A geologist on board pointed out Mt. Messenger. He said, "For 2,000 years the volcano has formed alternating rings of grass and rock that reminded one of rings on a tree. Those ridges on that hill are part of a Maori cemetary."
We stopped at the bus station of the city of Hamilton, large by New Zealand standards. Lou knew the names of his frequent passengers and knew why they were traveling. No one left without a, "Have a good visit!" or "Hope your mom is feeling better."
We let out passengers in the small town of Taupiri and in Papatoetoe, a suburb of Auckland. I had different seatmates, and a male nurse who worked in a nursing home and was going to Auckland for the week-end. He moved to let a woman who had car sickness sit by me nearer the front.
Then a delightful little Maori girl with snapping brown eyes and a complexion to be envied, was drawn to me. Veronica Poa, age 5, "almost 6", was traveling with her mother, a brother, and two younger sisters, one still nursing. "We're going to live with Nana," she reported proudly. "She has a job in a school cafeteria. We will stay until Christmas."
At the bus station they left behind a man who may have been the father. I hoped he had a job that could support his young family. The mother seemed sad to be leaving him. Profitable work isn't always available for often untrained, uneducated Maoris.
I understand that the socialist-type government supports Maori families with little or no income. They owned all the land before the Europeans came. They were fierce warriors and fought among themselves. I met some Maoris who worked in the cities, but many still live in small houses on the small farms they still own. I heard some former New Zealanders complain about taxes going to support the natives, comparable to our American Indians.
My hostess Joan recognized my yellow rose and introduced herself. "I live across town in Brown's Bay. You'll see a lot of the city on the way home. You must be hungry. Graeme will be by for dessert. We'll have a good time."

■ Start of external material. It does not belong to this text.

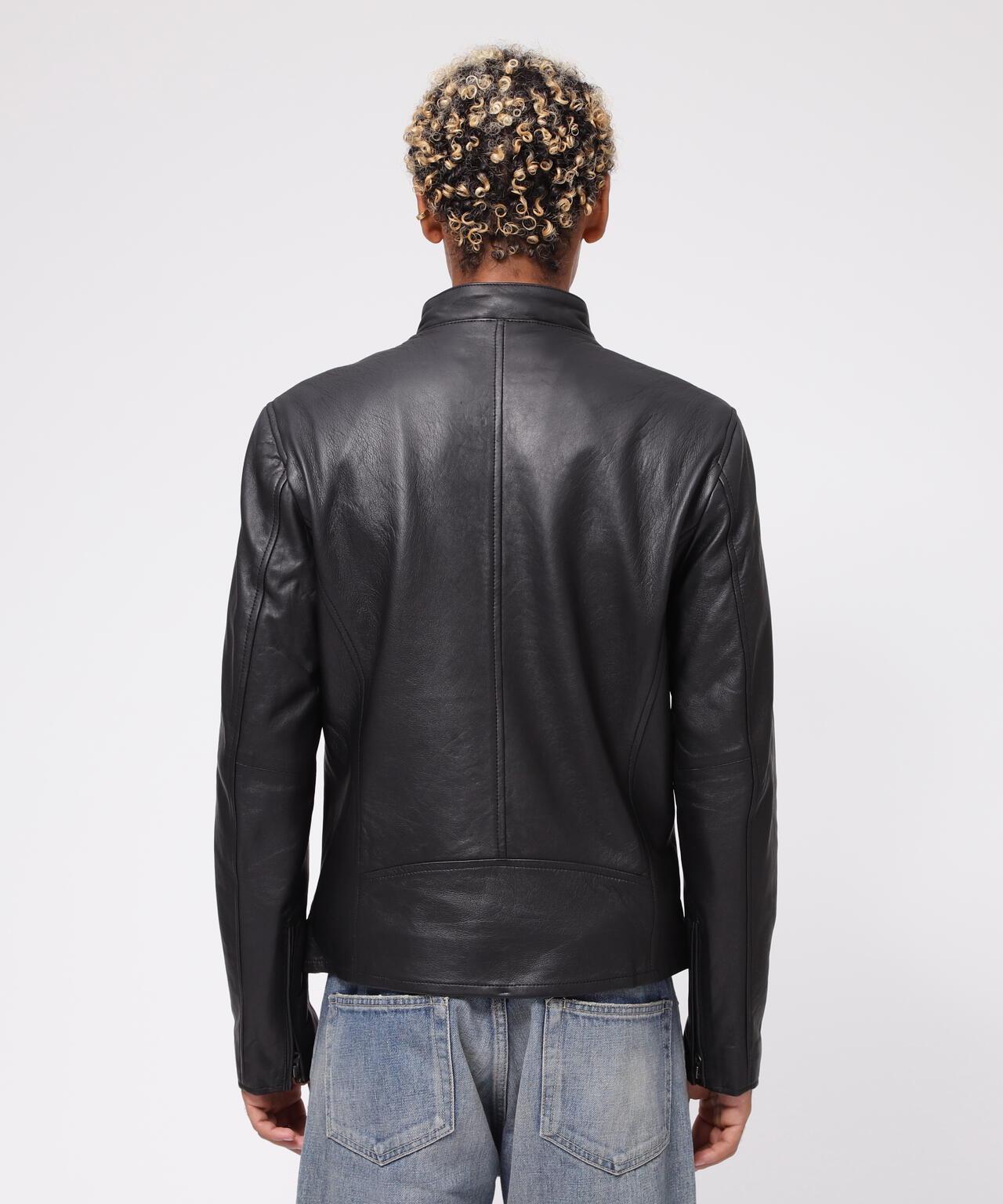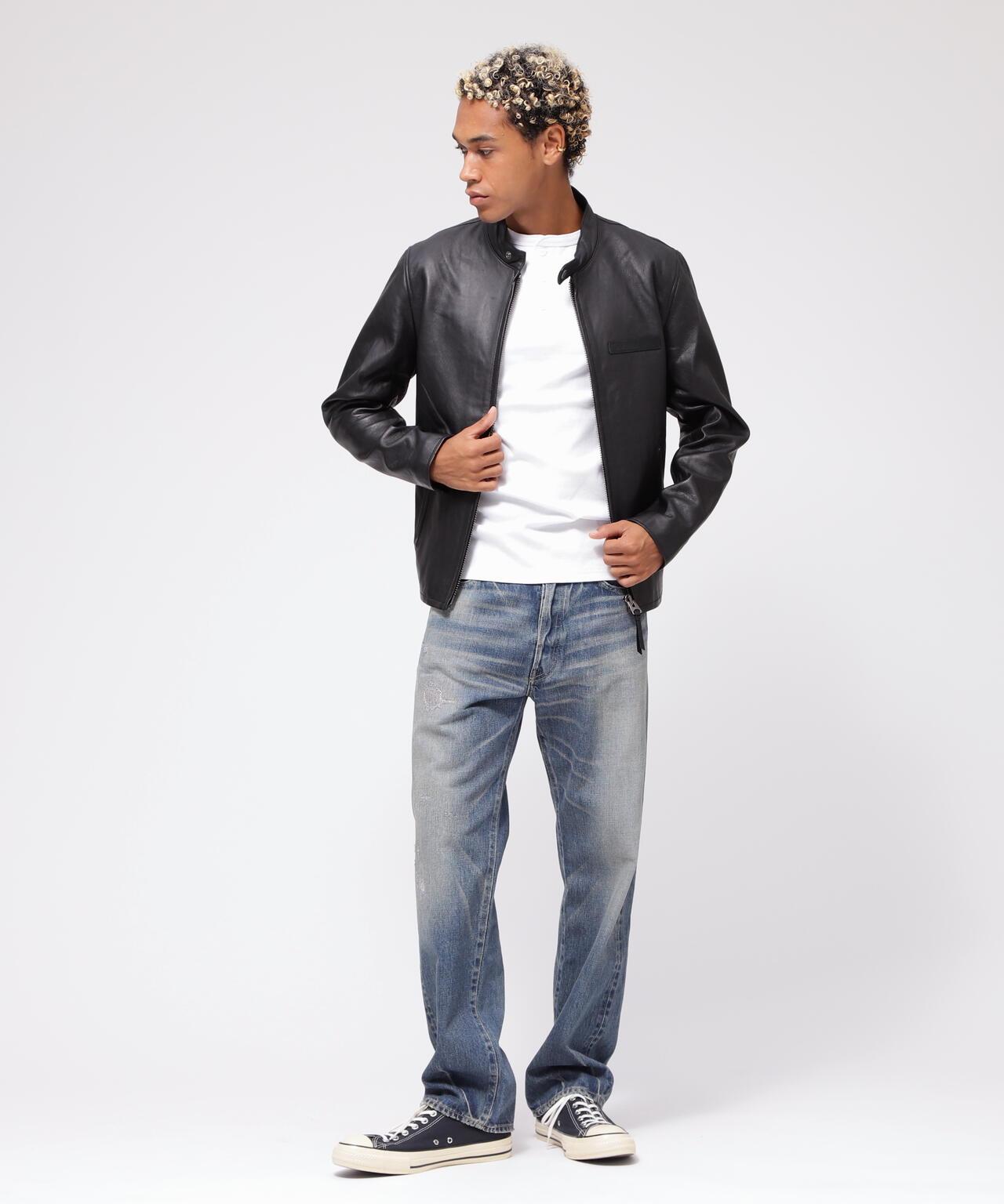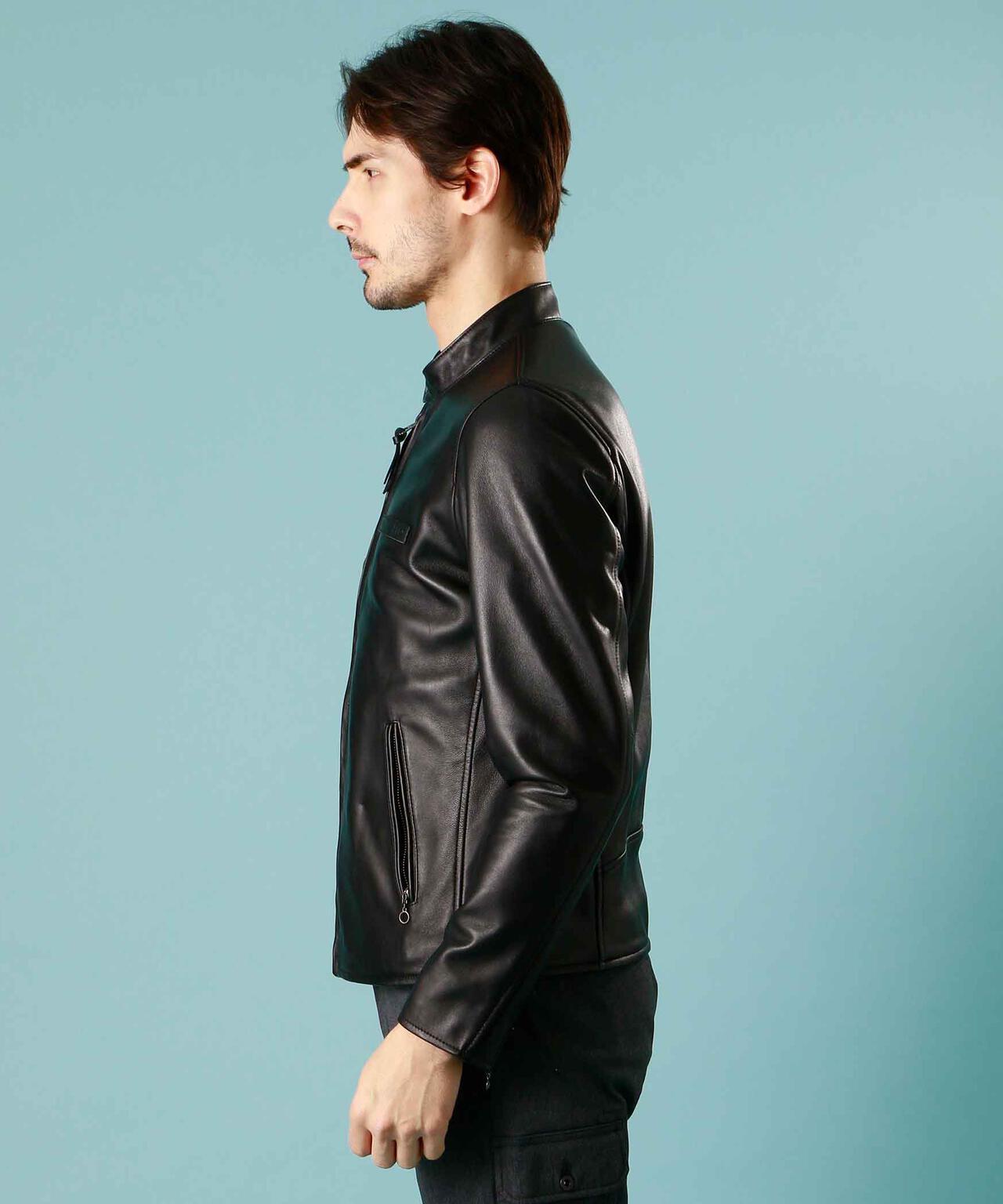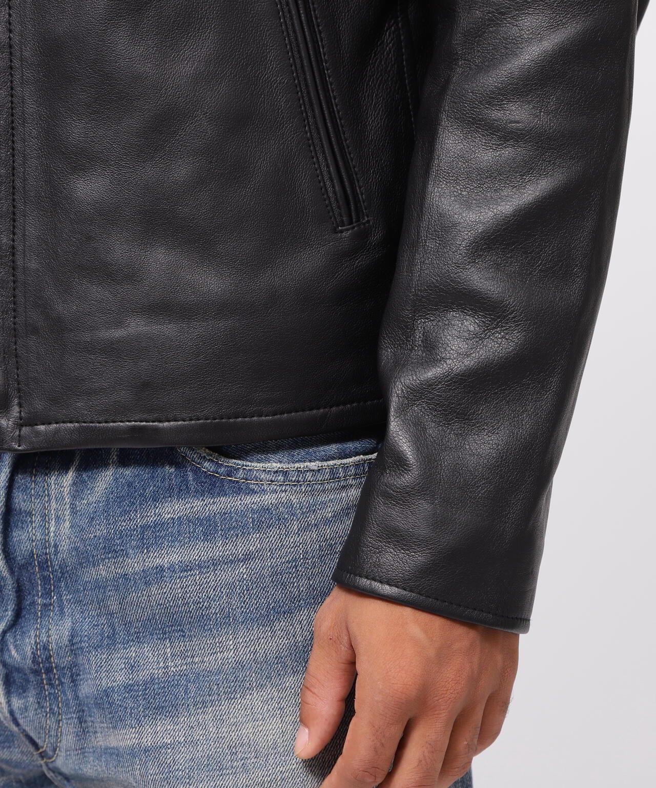 這是一款單人騎手款式的簡約騎手款式,軍裝風格的銘牌給人一種 AVIREX 的感覺。所使用的羊皮質地細膩,厚度適中,穿著柔軟舒適。原皮、細節和尺碼都保持在👍限度,因此可以在城市中隨意穿著,是一款適合所有年齡段男女的易穿單品。

That was true! I found we had similar interests like knitting and travel. It seemed a long way to her house in the Brown's Bay section of Auckland. Joan told me, "Auckland is the largest city in New Zealand, with one-third of the population. The city is bulging with newcomers arriving every day. They're mostly from Indonesia, Japan and other oriental countries."
I was more than ready for lunch when Joan asked, "Would you like hot oxtail soup and a sandwich?"
"That sounds great." I had heard of oxtail soup. At this point I would have eaten any part of the ox. I found the tail delicious the way Joan cooked it!
Graeme came for coffee—or was it tea? and dessert. Both these new friends immediately made me feel that we were one family. Graeme told me he had started a new church called New Age Ministries I didn't care what he called it. These were wonderful people. At a small church gathering that night I met six ladies, several of whom welcomed me to stay longer with them in Auckland.
One of the ladies called the next morning. I could tell they had been talking about me. She explained later that one lady had said, "What an unin- hibited woman!" I did find the former English subjects quite reserved.
We had two cups of coffee that night while we talked. They encouraged me by admitting, "I enjoy your accent and you have a great way of telling a story." One woman said, "I lived a while in California and hearing you talk makes me homesick for the U.S."
Since New Zealanders don't seem to travel a lot in their own country, they found my stories of the past two weeks fascinating. I got turned on by such an attentive audience and entertained them with more than my usual dramatic fervor.
"My stories are usually written and often pub- lished, but I'm just a Virginia ham. I love a live audience," I explained to this new group.
Joan said, "I have a club meeting for ladies who want to lose weight. You don't need that and a visitor may embarrass some of the ladies, so if you want to go to the beach and shop, I know you'll enjoy it."
It was sunny, but Joan said it might rain, so I carried my plastic raincoat and her, bumbershoot (umbrella). I really felt they were extra baggage, but Joan insisted. (to be concluded in March)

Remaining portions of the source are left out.